How does that relate to anything in the real world?
But it's not just the methodology I have a problem with. I
believe the value of any piece of information is directly
proportional to the value of the decisions you can make based on
it. So, what decision can we make based on the knowledge that
[Redmonk] or [TIOBE] reports that some language (let's call it
"wiggly") that used to be #11 is now #15, for example?
- Shut down all projects written in wiggly
- Shut down all future plans to write anything in wiggly
- Convert all projects written in wiggly to a language in the top
10
- Organise trainings for all wiggly people willing to evolve to
something more fashionable and fire all those who won't
Well, I guess we can agree all the above seems a bit over the
top. But if you were to make such a decision, what would you do
if in the next report, dear wiggly was to climb back to #8? And
if you aren't to make any such decision, exactly what kind of
decision can you make based on the report?

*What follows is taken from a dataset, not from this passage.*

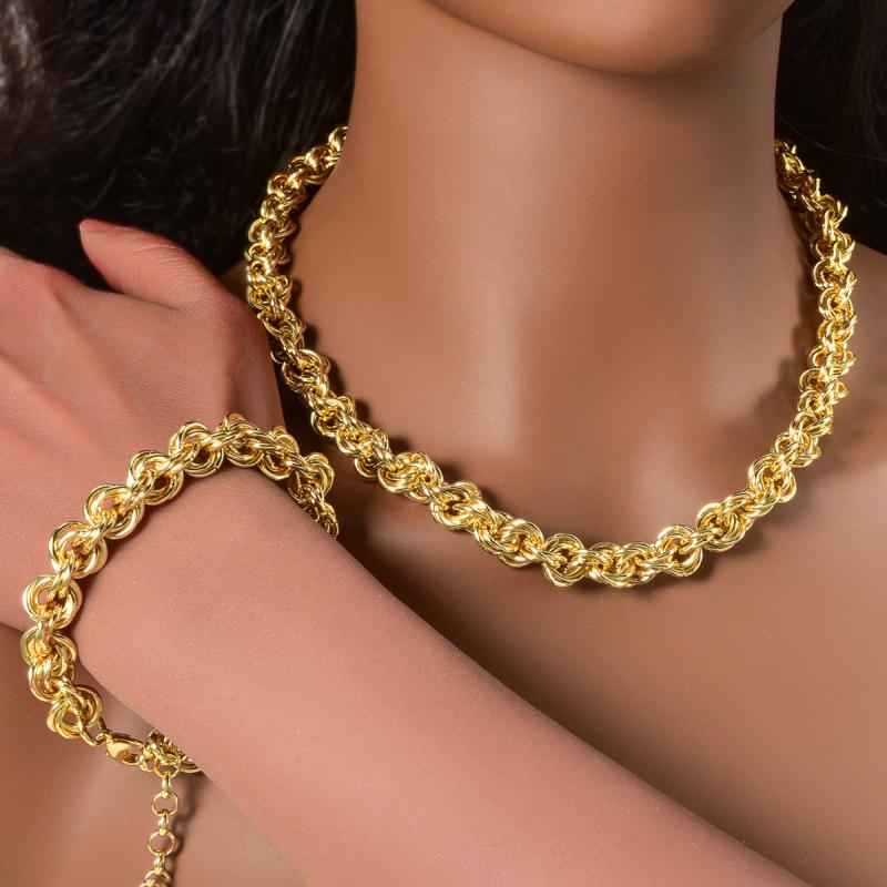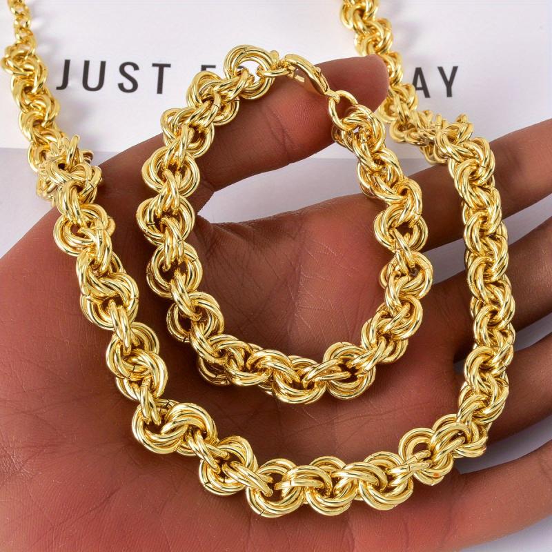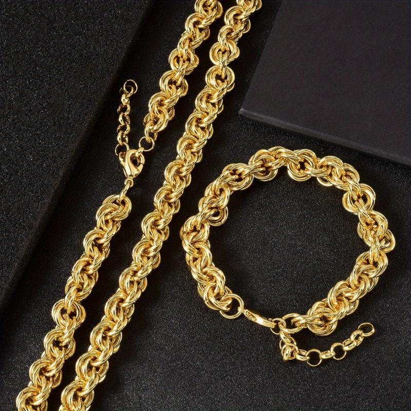 This set features an interlocking chain design that adds a touch of urban style to your daily party look. Made of high-quality copper, this set is durable and trendy.

Well, since this is not about the technical merits of the
languages themselves, maybe it's about the market. So, what does
it say about the market? Not much. We get a picture of how much
activity GitHub and StackOverflow see for these forty
languages. It doesn't say anything about the value of mastering
these languages on the market and it doesn't tell anything about
the value generated by these languages on the market either.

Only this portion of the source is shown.